Hier setzt das Berliner Start-up Empion an: Ein KI-basierter Robo Advisor bringe Talente und Unternehmen anhand von Skills, Werten und Persönlichkeit zusammen. Entwickelt wurde das Verfahren hierfür von den Gründerinnen Annika von Mutius und Larissa Leitner. Ziel von Empion sei laut von Mutius „eine präzise, datenbasierte Allokation der richtigen Menschen auf die richtigen Vakanzen”.
Gerade bei der Personalauswahl ist Einsatz von KI im Recruiting jedoch sensibel. „Transparenz und Nachvollziehbarkeit bilden zentrale Voraussetzungen für einen vertrauenswürdigen und menschenzentrierten Einsatz”, so ein Sprecher des BMAS gegenüber Table.Briefings. Empion nutze dafür gesellschaftliche Validierungsdatensätze, analysiere Bias mit dem sogenannten Feature Engineering und erlaube durch einen „Human-in-the-loop"-Ansatz menschliche Korrekturen. Die Entscheidungen sollen für alle Beteiligten nachvollziehbar bleiben, die Datenverarbeitung erfolge DSGVO-konform.
In den kommenden Jahren könnte KI den Bereich Recruiting transformieren.

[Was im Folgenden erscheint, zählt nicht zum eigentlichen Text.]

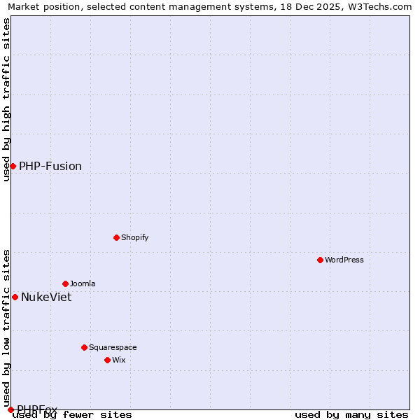 TechnologiesContent ManagementServer-side Languages Client-side Languages JavaScript Libraries CSS Frameworks Web Servers Web Panels Operating Systems Web Hosting Data Centers Reverse Proxies DNS Servers Email Servers SSL Certificate Authorities Content Delivery Traffic Analysis Tools Advertising Networks Tag Managers Social Widgets Site Elements Structured Data Markup Languages Character Encodings Image File Formats Top Level Domains Server Locations Content Languages | Technologies > Content Management > Technology usage comparison Comparison of the usage statistics of NukeViet vs. PHP-Fusion vs. PHPFox for websitesThis report shows the usage statistics of NukeViet vs. PHP-Fusion vs. PHPFox as content management system on the web. See technologies overview for explanations on the methodologies used in the surveys. Our reports are updated daily. Usage and market shareThis diagram shows the percentages of websites using the selected technologies. How to read the diagram:
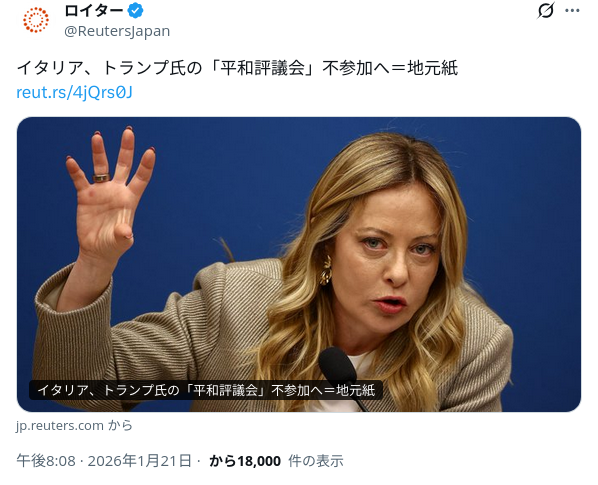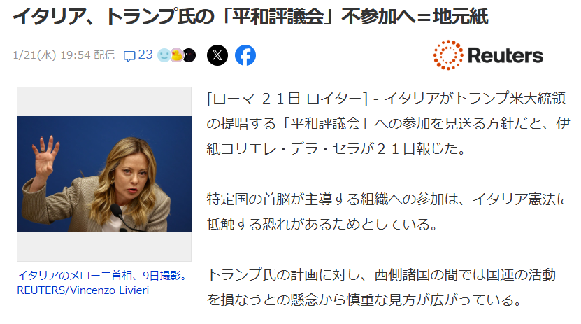 | … | 568無念Nameとしあき26/01/21(水)21:28:21No.1381784361+>イタリアも不参加か |
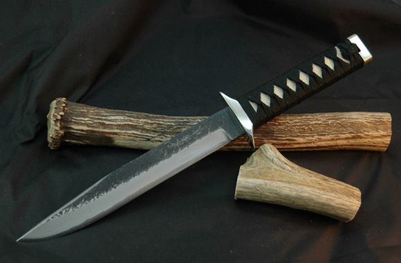 日本日立金属,安来钢自古就是制作刀具的高级钢材,由日立金属股份有限公司的安来工厂研究生产,日本传统刀具都使用安来钢制作。出云地区的山川中富含一种高纯度的砂铁叫攸”真砂”,因水流和铁的比重不同。使砂铁矿沉甸于河流底部,这就是安来钢的原料(玉钢)。安来钢为制作日式刀具所用的碳素钢,分为白纸、黄纸、青纸等系列,这种分法是为了区分生产的梯次与顺序,用有色的贴纸贴在产品上以示区分。一般而言,安来钢各种钢材硬度相当.`但特征不同.如白纸系列适合用来制造厨具用刀、小刀、剃须刀、等产品,黄纸多被用于制造剪刀.锯子、农具等,青纸系是含钨的高级钢材,主要应用于优质刀具,如猎熊刀、溪流刀.野外求生刀等。安来钢的硬度在60HRC以上。关兼常”锻炼狞猎”和”百炼狩人匠”系列刀均采用青纸.佐治武士系列刀则大多采用白纸. 关兼常 青纸2#24层大马士革刃材
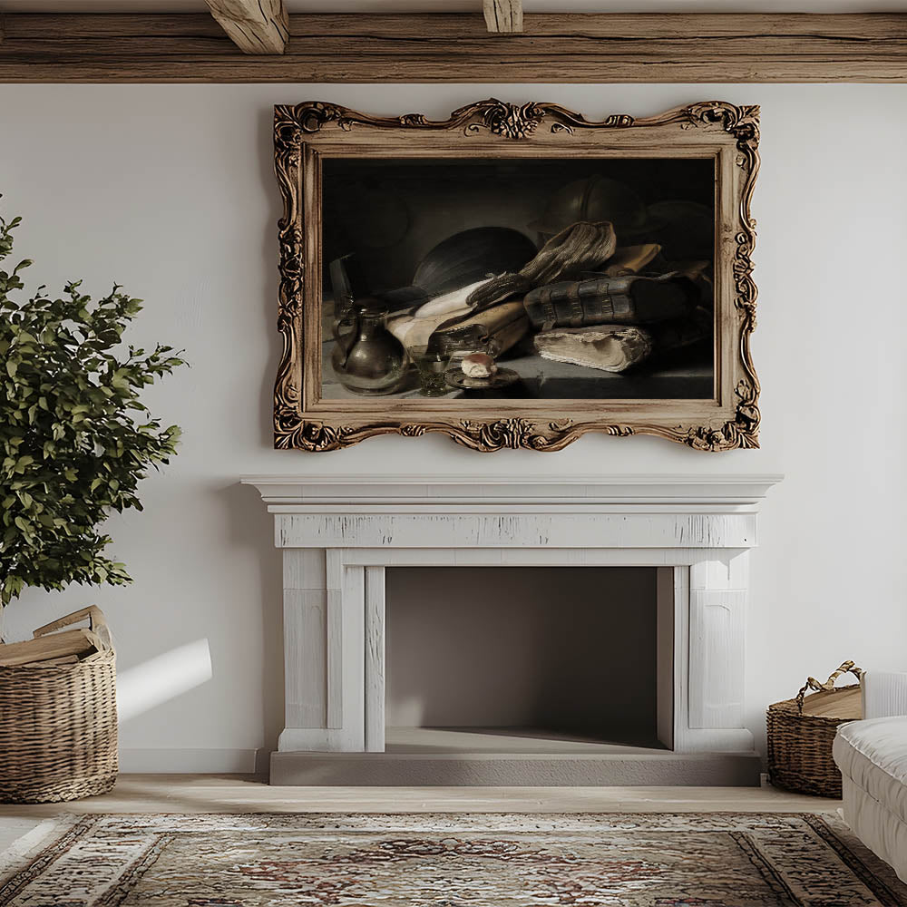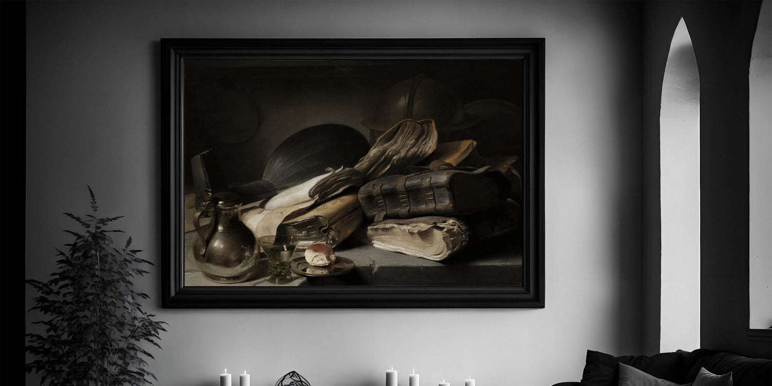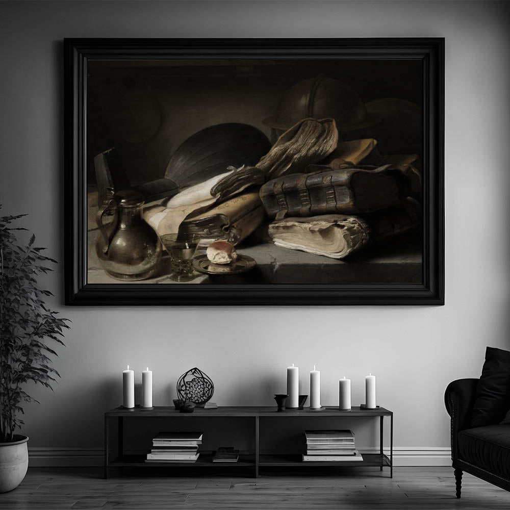 Dark Academia Wall Art – Still Life with Books, Helmet, and Jug
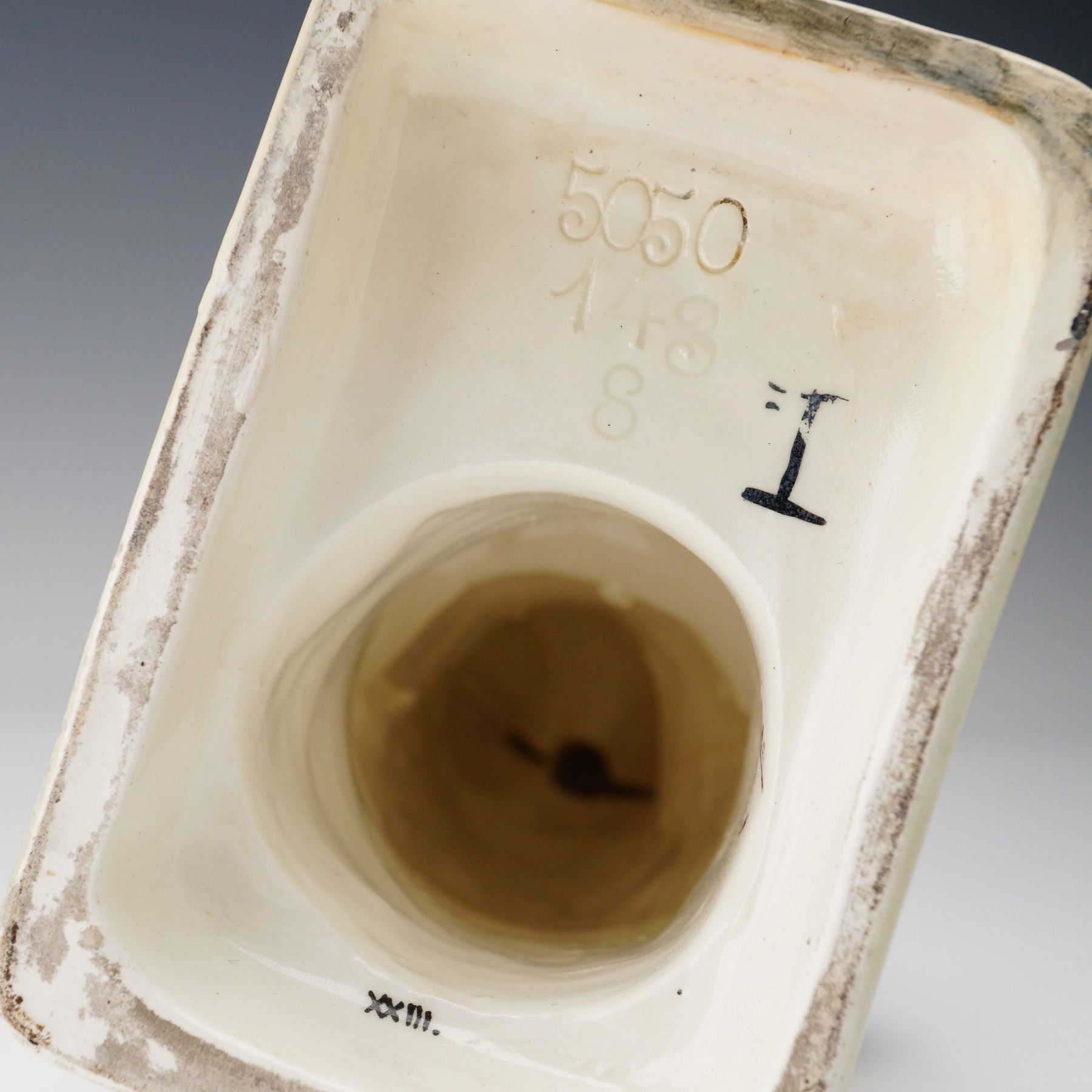 Striking Art Deco porcelain figurine designed by Rudolf Podany for Goldscheider, depicting a seated Pierrette in a harlequin-patterned costume of orange, black, and white, resting gracefully upon a cream and orange pedestal. The figure exhibits the classic elegance and stylized form associated with the Vienna Goldscheider workshop, with delicate facial detailing and dramatic pose. Marked underside with impressed model number 5050, additional incised and painted marks, and factory stamp.
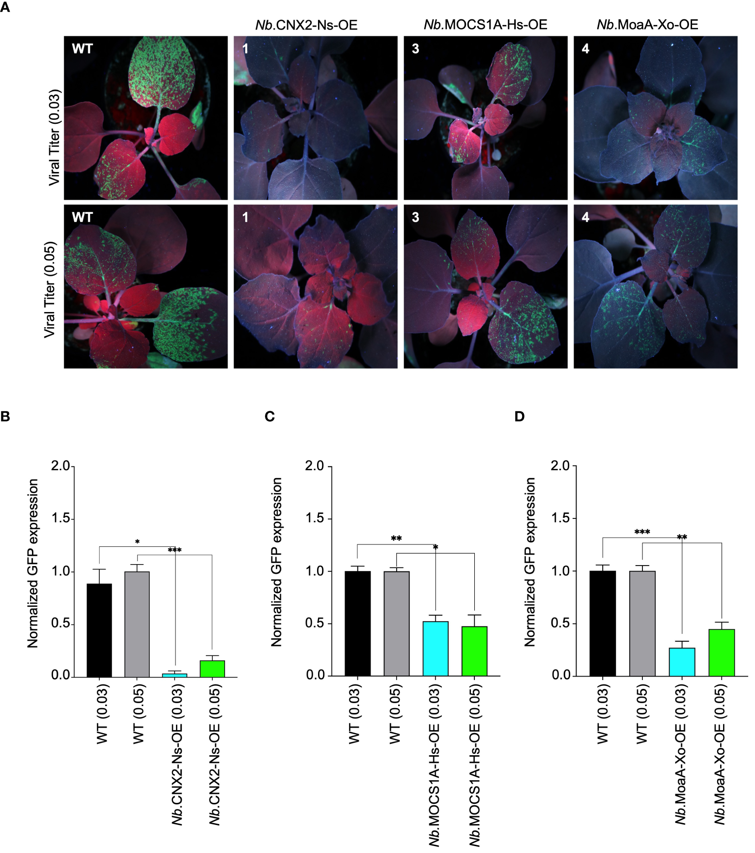 Antiviral role of molybdenum cofactor biosynthetic enzyme from different species against PVX-GFP in N. benthamiana plants stable lines. (A) Interference of PVX-GFP by radical SAM proteins expressed in tobacco transgenic lines. Stably transformed N. benthamiana lines expressing Viperin-like proteins were agroinfiltrated with two viral titer (OD 0.03 and 0.05) of PVX-GFP virus. Plants were imaged for GFP fluorescence to examine PVX-GFP systematic spread under UV light in the dark 5 to 7 days post infiltration. The N. benthamiana plants Nb.CNX2-Ns-OE overexpresses CNX2 from Nicotiana Sylvesteris, Nb.MOCS1A-Hs-OE overexpresses MOCS1A from Homo sapiens, and Nb.MoaA-Zm-OE overexpresses MoaA from Xanothomonas oryzae.(B) RT-qPCR analysis to quantify PVX-GFP RNA in cPMP-synthase overexpressing N.benthamiana plants. For each protein, the interference efficiency is shown compared to the controls. (C) RT-qPCR analysis to quantify PVX-GFP RNA in MOCS1 overexpressing N.benthamiana plants. For each protein, the interference efficiency is shown compared to the controls. (D) RT-qPCR analysis to quantify PVX-GFP RNA in MoaA overexpressing N.benthamiana plants. For each protein, the interference efficiency is shown compared to the controls. The Student’s t-test analysis indicated a significant difference compared with the WT (*P<0.05, **P<0.001, ***P<0.0009). Values are the means of three biological repeats.
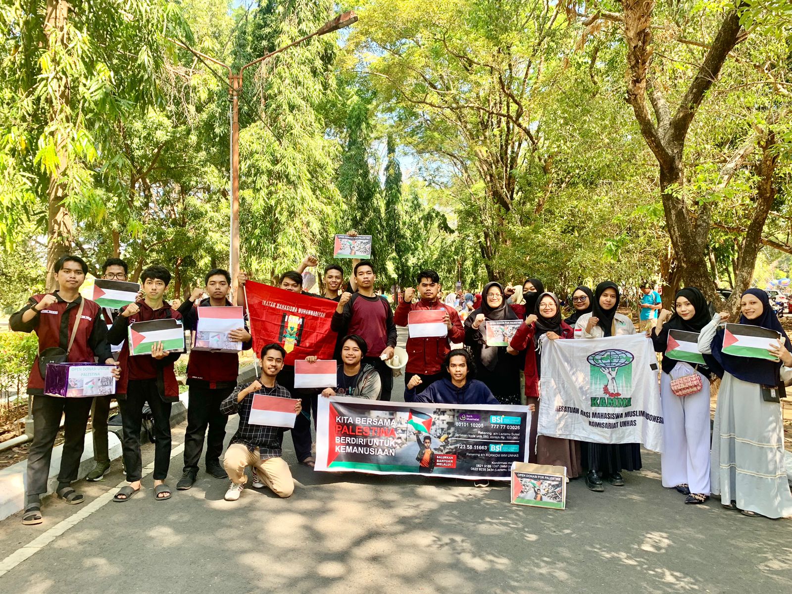 “Aksi kemanusiaan untuk palestina ini, selain IMM juga ikut bergabung beberapa oraganisasi seperti Kesatuan Aksi Mahasiswa Muslim Indonesia Unhas (Kammi), LDK MPM Unhas, dan Forbes Unhas serta Mahasiswa yang berasal dari Palestina”, jelas Yusril yang juga Ketua Umum Pimpinan Komisariat IMM FH Unhas.
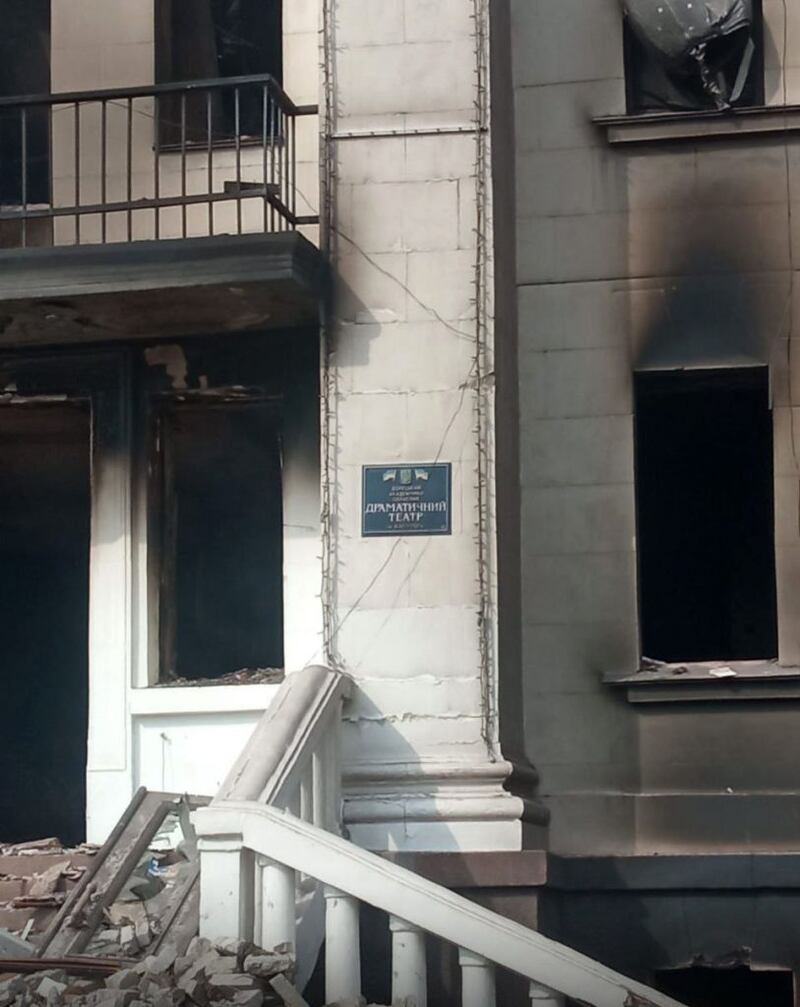 A massive inscription of the word “CHILDREN” in Russian, designed to be visible from the sky, appeared outside the theater on the day of the attack, according to the news agency.
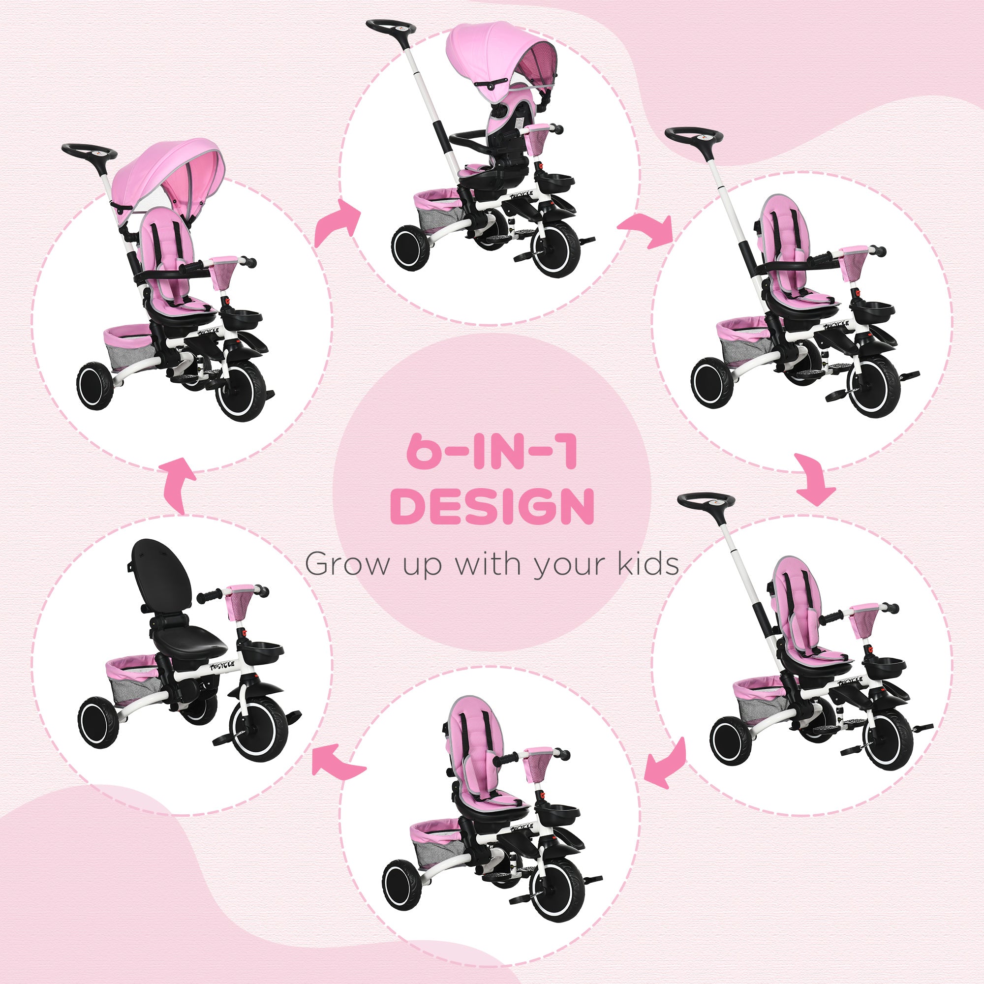 Pink and white 6-in-1 children's tricycle with adjustable canopy and parent handle
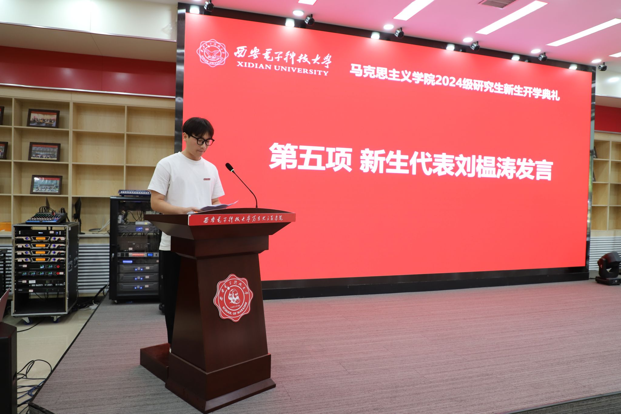 刘榅涛同学代表全体新生发言,他表达了对公司的憧憬和对学术研究的热情,承诺将像无数西电前辈一样不负韶华,努力学习,在强国建设和民族复兴伟业中不畏艰难,勇于拼搏,彰显担当。
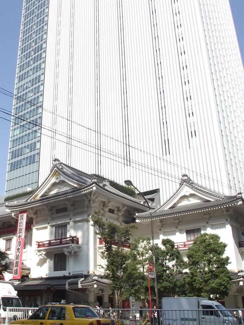 このビルの素晴らしいところは、歌舞伎座正面側から見ると、歌舞伎座の背後部分の外装が、白くすっきりとし非常にシンプルなので、歌舞伎座の白い漆喰壁や黒い瓦屋根と何ら違和感なく見ることが出来る と言うことではないかと思います。
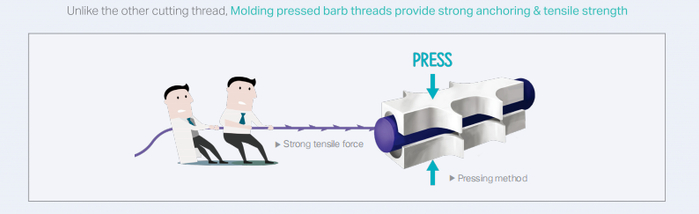 通过压印制模工艺压印成型的MINT秘特线,其拉伸度和锚定强度是传统切割线的4倍,因此具有强效有力的固定提拉效果。
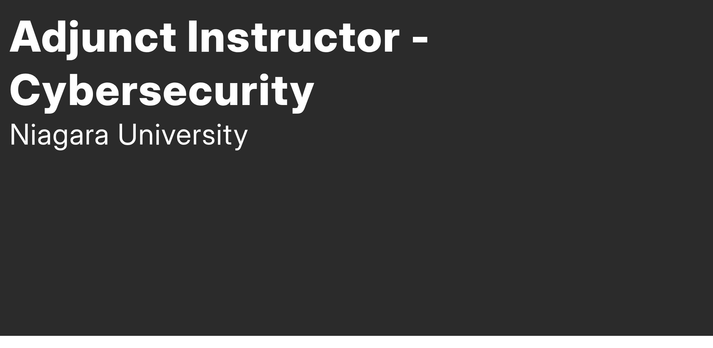 Niagara University's Vaughan campus invites applications for adjunct instructors with the expertise needed to teach the following courses in the Information Security and Digital Forensics program, starting in the Fall 2024 semester:

Das 4-Level-Modell beschreibt die technologische Reife von Unternehmen im Umgang mit KI – von einfachen, unterstützenden Tools bis hin zur vollständigen Automatisierung. „Viele Unternehmen sind noch auf Level 0 bis 1”, sagt Co-Gründerin von Mutius. Empions Vision sei das Potenzial jedes Einzelnen optimal auszuschöpfen, um Wirtschaftswachstum und erfüllende Arbeitsverhältnisse zu fördern. Ihre Nominierung zur „Gründerin des Jahres” bei den diesjährigen German Startup Awards bestätigt den Erfolg dieser Vision.